To do: Below, some lines carry pictures; leave those pictures out and retype exactly the lines from the one with "カバー:液温は30℃を限度とし、洗濯機で弱い洗濯ができる ウレタン:洗濯不可 |" through the one with "Case 4 (Figure".

Records for the task:

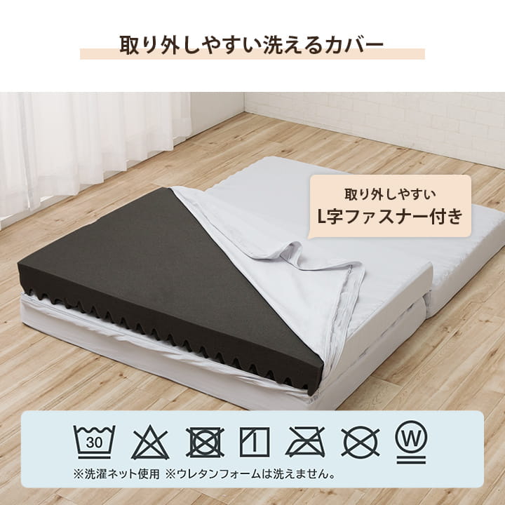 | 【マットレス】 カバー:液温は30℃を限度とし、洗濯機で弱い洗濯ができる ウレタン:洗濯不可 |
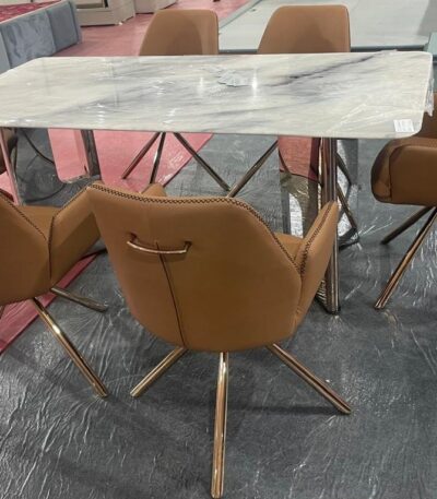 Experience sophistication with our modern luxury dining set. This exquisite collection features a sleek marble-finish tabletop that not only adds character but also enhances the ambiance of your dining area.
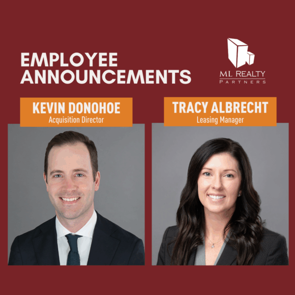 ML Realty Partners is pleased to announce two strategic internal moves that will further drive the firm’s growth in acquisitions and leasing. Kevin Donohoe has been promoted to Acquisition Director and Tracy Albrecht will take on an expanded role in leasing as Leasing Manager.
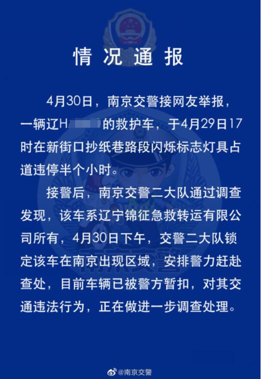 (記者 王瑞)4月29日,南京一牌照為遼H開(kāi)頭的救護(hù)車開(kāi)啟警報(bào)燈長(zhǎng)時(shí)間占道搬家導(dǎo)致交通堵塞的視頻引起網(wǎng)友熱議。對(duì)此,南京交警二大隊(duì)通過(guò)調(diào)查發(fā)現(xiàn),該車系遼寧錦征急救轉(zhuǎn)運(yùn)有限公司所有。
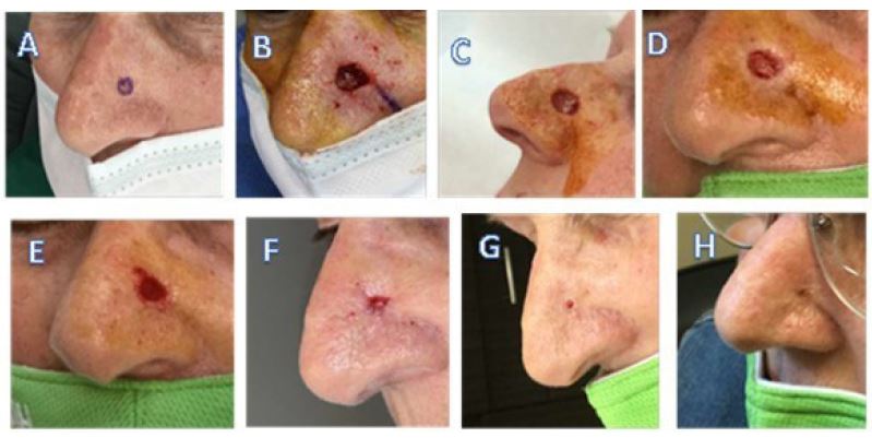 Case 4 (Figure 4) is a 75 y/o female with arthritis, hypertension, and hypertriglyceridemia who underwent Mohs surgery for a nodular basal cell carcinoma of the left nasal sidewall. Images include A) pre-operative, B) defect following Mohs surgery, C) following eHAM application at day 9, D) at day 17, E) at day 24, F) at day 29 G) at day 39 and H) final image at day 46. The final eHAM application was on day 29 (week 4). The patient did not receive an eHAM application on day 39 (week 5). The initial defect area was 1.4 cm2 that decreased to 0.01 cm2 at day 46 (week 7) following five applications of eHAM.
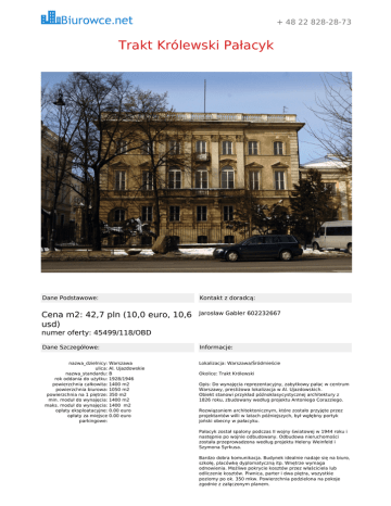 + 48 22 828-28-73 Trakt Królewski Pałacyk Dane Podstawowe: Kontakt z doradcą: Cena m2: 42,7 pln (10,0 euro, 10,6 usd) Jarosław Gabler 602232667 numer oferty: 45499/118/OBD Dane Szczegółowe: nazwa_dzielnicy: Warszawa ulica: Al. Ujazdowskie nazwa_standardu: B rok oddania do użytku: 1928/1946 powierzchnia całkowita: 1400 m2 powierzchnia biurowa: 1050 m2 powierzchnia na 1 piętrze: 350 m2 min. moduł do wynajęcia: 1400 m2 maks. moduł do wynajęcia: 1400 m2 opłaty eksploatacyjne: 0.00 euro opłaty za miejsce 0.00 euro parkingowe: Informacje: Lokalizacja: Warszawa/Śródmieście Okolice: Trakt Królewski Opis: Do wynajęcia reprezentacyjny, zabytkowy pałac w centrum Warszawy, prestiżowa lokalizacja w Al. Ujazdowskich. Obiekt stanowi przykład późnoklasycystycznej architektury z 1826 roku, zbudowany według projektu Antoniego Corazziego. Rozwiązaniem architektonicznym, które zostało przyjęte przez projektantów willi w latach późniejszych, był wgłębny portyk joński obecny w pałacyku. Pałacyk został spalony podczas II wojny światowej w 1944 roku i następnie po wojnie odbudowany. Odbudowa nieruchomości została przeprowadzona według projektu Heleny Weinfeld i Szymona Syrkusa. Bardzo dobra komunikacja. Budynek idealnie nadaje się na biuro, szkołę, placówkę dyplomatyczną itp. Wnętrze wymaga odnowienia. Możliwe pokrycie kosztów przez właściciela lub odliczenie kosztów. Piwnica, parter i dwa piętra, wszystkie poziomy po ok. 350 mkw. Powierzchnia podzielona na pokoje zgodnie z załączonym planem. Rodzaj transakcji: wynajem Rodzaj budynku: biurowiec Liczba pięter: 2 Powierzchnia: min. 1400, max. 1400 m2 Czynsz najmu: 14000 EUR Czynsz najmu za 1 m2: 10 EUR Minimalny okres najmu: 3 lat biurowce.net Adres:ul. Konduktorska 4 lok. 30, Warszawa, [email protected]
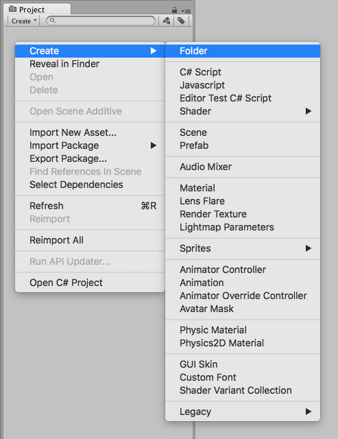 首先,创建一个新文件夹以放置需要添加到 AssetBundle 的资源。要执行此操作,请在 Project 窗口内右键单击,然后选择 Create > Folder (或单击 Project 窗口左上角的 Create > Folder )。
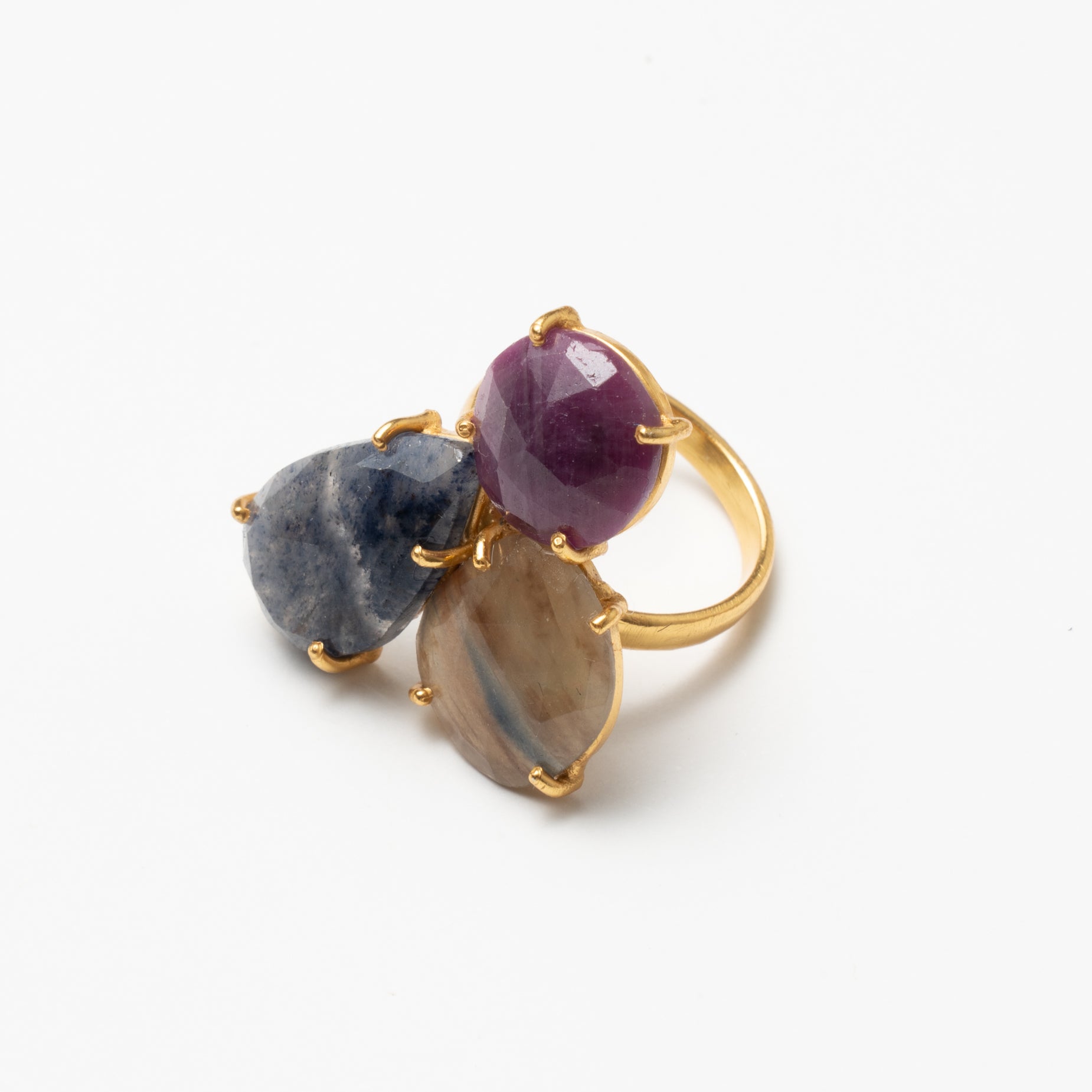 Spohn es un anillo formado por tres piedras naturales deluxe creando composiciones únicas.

...

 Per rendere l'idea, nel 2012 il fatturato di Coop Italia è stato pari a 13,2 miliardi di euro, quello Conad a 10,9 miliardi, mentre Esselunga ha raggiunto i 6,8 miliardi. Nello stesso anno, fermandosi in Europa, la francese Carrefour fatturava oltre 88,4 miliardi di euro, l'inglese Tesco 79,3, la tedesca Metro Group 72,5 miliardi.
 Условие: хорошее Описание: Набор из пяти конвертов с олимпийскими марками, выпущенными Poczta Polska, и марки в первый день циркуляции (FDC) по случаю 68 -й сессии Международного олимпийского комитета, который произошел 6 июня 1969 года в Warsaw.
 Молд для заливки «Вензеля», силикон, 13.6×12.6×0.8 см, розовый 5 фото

Final answer:
 | 【マットレス】 カバー:液温は30℃を限度とし、洗濯機で弱い洗濯ができる ウレタン:洗濯不可 |
 Experience sophistication with our modern luxury dining set. This exquisite collection features a sleek marble-finish tabletop that not only adds character but also enhances the ambiance of your dining area.
 ML Realty Partners is pleased to announce two strategic internal moves that will further drive the firm’s growth in acquisitions and leasing. Kevin Donohoe has been promoted to Acquisition Director and Tracy Albrecht will take on an expanded role in leasing as Leasing Manager.
 (記者 王瑞)4月29日,南京一牌照為遼H開(kāi)頭的救護(hù)車開(kāi)啟警報(bào)燈長(zhǎng)時(shí)間占道搬家導(dǎo)致交通堵塞的視頻引起網(wǎng)友熱議。對(duì)此,南京交警二大隊(duì)通過(guò)調(diào)查發(fā)現(xiàn),該車系遼寧錦征急救轉(zhuǎn)運(yùn)有限公司所有。
 Case 4 (Figure 4) is a 75 y/o female with arthritis, hypertension, and hypertriglyceridemia who underwent Mohs surgery for a nodular basal cell carcinoma of the left nasal sidewall. Images include A) pre-operative, B) defect following Mohs surgery, C) following eHAM application at day 9, D) at day 17, E) at day 24, F) at day 29 G) at day 39 and H) final image at day 46. The final eHAM application was on day 29 (week 4). The patient did not receive an eHAM application on day 39 (week 5). The initial defect area was 1.4 cm2 that decreased to 0.01 cm2 at day 46 (week 7) following five applications of eHAM.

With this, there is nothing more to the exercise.